Ida Menzingerová

* 1931

  • "... We're going to the expulsion, my father came to Nové Domky, he had the paper that Brzák had to release me, that we were going to the expulsion, we were looking forward to going away to the expulsion too, so I went home and in two days we had to move out. They came, I don't know who, we called 'the commissar', it was the nobs, these young boys on horses, and they were watching what we could take with us. So it was thirty kilos per person outside of shoes, they didn't count, and dishes too, that was more, but personal things thirty kilos. My dad could take his sewing machine because he was sewing shoes, that was an expensive machine, he wanted to take that with him, and my mother could take her machine, we could take that too, and otherwise we didn't have much, we only had one pair of shoes, and otherwise we had clogs - we were happy, we could walk around in those clogs, like the Dutch clogs we had, and our grandfather made them - and so we had to be in Nové Domky by the shop, that there, and it was strange to us that we didn't go down to Lipno, to the station, why didn't we go there, when all the transports met there, and then from there they were all moved out in big cars, they were military cars, huge, they loaded the transports. Well, we didn't do anything! We waited all day, a hot day, it was in June, and then we waited all the time, no phone, nothing, and we took our boxes, we took the stuff, and we folded it there and waited, and Grandpa had to put the cows back in the big yard, where the police headwaters was, we called it the commissariat, I guess it was, I don't know. And then we waited, and in the evening the forman would come with the horses and say, 'Are you the Sulzer family?' - 'Yeah.' - 'Well I'm Bible and I'm coming to get you...'"

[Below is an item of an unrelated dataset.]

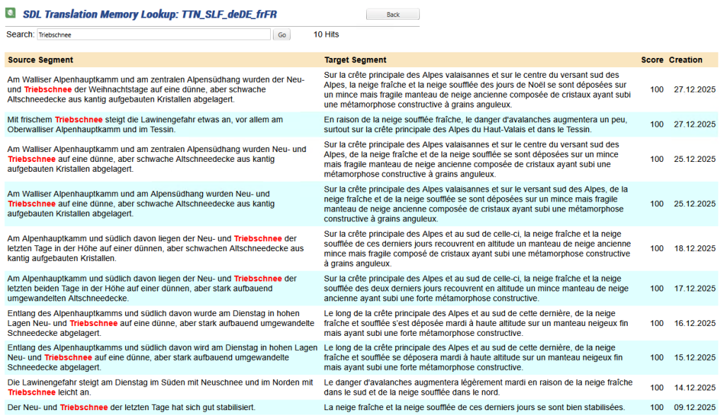 Dank der Konvertierung ins HTML-Format und der Volltextindizierung kann der Benutzer alle aktuellen und ausgeführten Übersetzungen schnell und einfach finden und abrufen.

  • "The Germans thought, or the Germans... everybody... everybody thought, as these people were put here during the war, that it was for two months, that then they would go again... that we would go back. It was nothing. Nobody went back. So they dug in, they made bunkers, they buried things, they hid lard and food, that they would come back in two months - nobody came back. It all stayed under that ground or the people who moved in found it, so they found the bunkers and stuff..."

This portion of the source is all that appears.